#### [Work instruction]
Write every line below out again exactly, images omitted.

#### [Collected data]
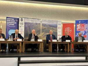 Відкрила день панельна дискусія «Відносини України та Польщі в умовах геополітичної конкуренції великих держав», у якій взяли участь відомі дипломати: колишні посли України в Республіці Польща Маркіян Мальський та Олександр Никоненко, колишній генеральний консул України в Кракові Михайло Бродович, а також колишній посол Польщі в Україні Ярослав Ключковський.
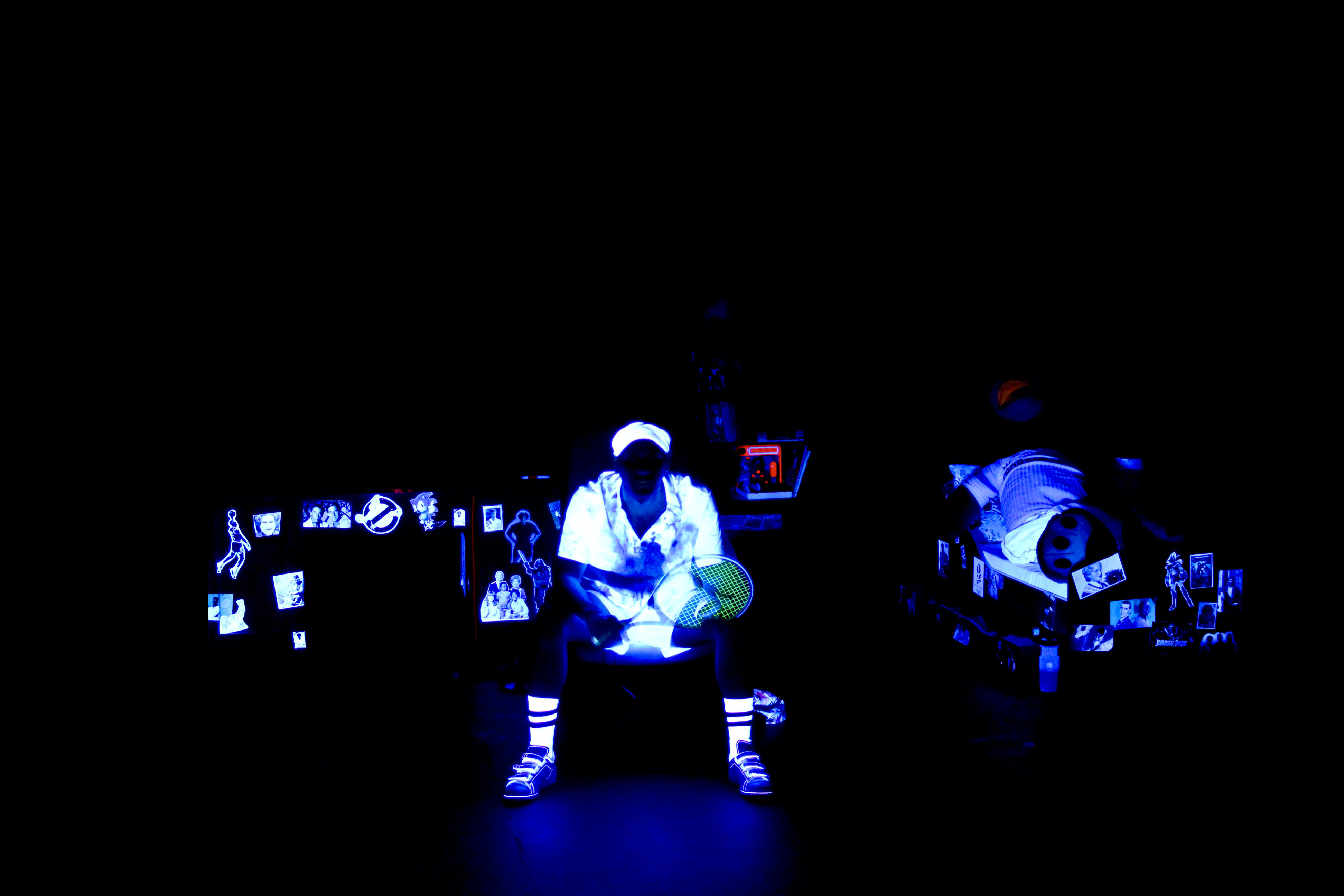 Solal Bouloudnine nous invite donc dans sa chambre ; celle d’un enfant des années 1990 : stickers, magnétophone, aquarium et peluches jonchant le sol. Le comédien à l’énergie débordante et fort d’autodérision alterne alors toutes sortes de personnages, fictionnels ou tirés de sa propre histoire. Tout comme un enfant s’amuserait à imiter les adultes qu’il croise pour essayer de saisir un peu mieux le monde dans lequel il évolue et ce qui l’a construit. Et le spectateur se plaît à s’identifer à certains d’entre eux, ou à retrouver des figures connues. Seras-tu là ? nous offre un moment intime et touchant, plein d’humour et de tendresse.
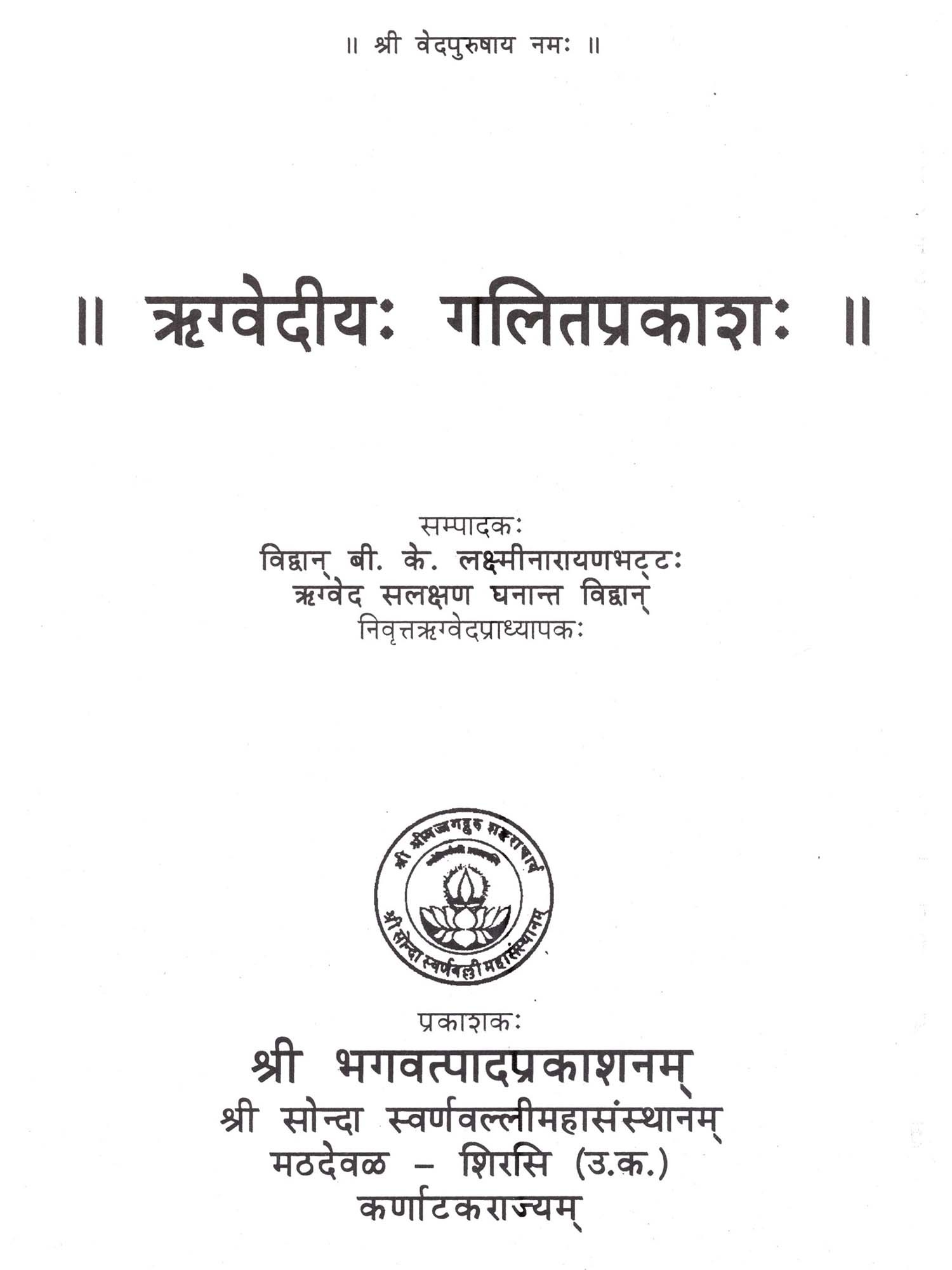 ऋग्वेदीयः गलितप्रकाशः Rigvediya Galita Prakashah

#### [Answer]
 Відкрила день панельна дискусія «Відносини України та Польщі в умовах геополітичної конкуренції великих держав», у якій взяли участь відомі дипломати: колишні посли України в Республіці Польща Маркіян Мальський та Олександр Никоненко, колишній генеральний консул України в Кракові Михайло Бродович, а також колишній посол Польщі в Україні Ярослав Ключковський.
 Solal Bouloudnine nous invite donc dans sa chambre ; celle d’un enfant des années 1990 : stickers, magnétophone, aquarium et peluches jonchant le sol. Le comédien à l’énergie débordante et fort d’autodérision alterne alors toutes sortes de personnages, fictionnels ou tirés de sa propre histoire. Tout comme un enfant s’amuserait à imiter les adultes qu’il croise pour essayer de saisir un peu mieux le monde dans lequel il évolue et ce qui l’a construit. Et le spectateur se plaît à s’identifer à certains d’entre eux, ou à retrouver des figures connues. Seras-tu là ? nous offre un moment intime et touchant, plein d’humour et de tendresse.
 ऋग्वेदीयः गलितप्रकाशः Rigvediya Galita Prakashah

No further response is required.